(A) Study on fault detection in LTE network: a black-box testing for LTE network components

Abstract

Long-Term Evolution (LTE), which is the latest mobile communication network technology, has been deployed for 10 years and many LTE vulnerabilities have been studied. Although much research on the vulnerability of control plane managing user mobility and sessions were also conducted, most of the studies focused on finding User Equipment (UE) vulnerabilities. In recent years, a few studies published that found vulnerabilities in LTE network components but these studies have at least one of the following limitations. First, only LTE standard analysis was performed, so it could not identify vulnerabilities in implementation flaws. Second, the security analysis was performed only on a few of the many states that could occur on the protocol.By complementing limitations of existing research, in this thesis, we present a fault detector that can identify unknown faults in LTE network components by performing security analysis in various states that could occur during control plane procedures of actual components' implementation.
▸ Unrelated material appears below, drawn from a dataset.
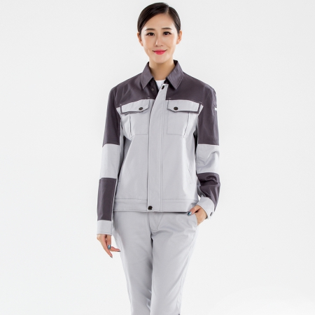 苏州鹰诺服装:米灰拼铁灰工作服AC14-3

While performing the control plane procedure as UE, the fault detector identifies faults by sending variants of the message to LTE network components and checking subsequent messages coming down from the network. The detector sent message variants for the 8 uplink message types used in LTE attach procedure and produced a total of 171 variants. Testing two environments that were set up the same as the commercial environment found that 11 and 12 ineffective message variants in each environment were not handled properly. The invalid messages found are the messages that cause the fault, and by chaining these messages, we were able to construct the impersonation attack that an attacker who is not subscribed to the carrier can use LTE service by impersonating a normal subscriber.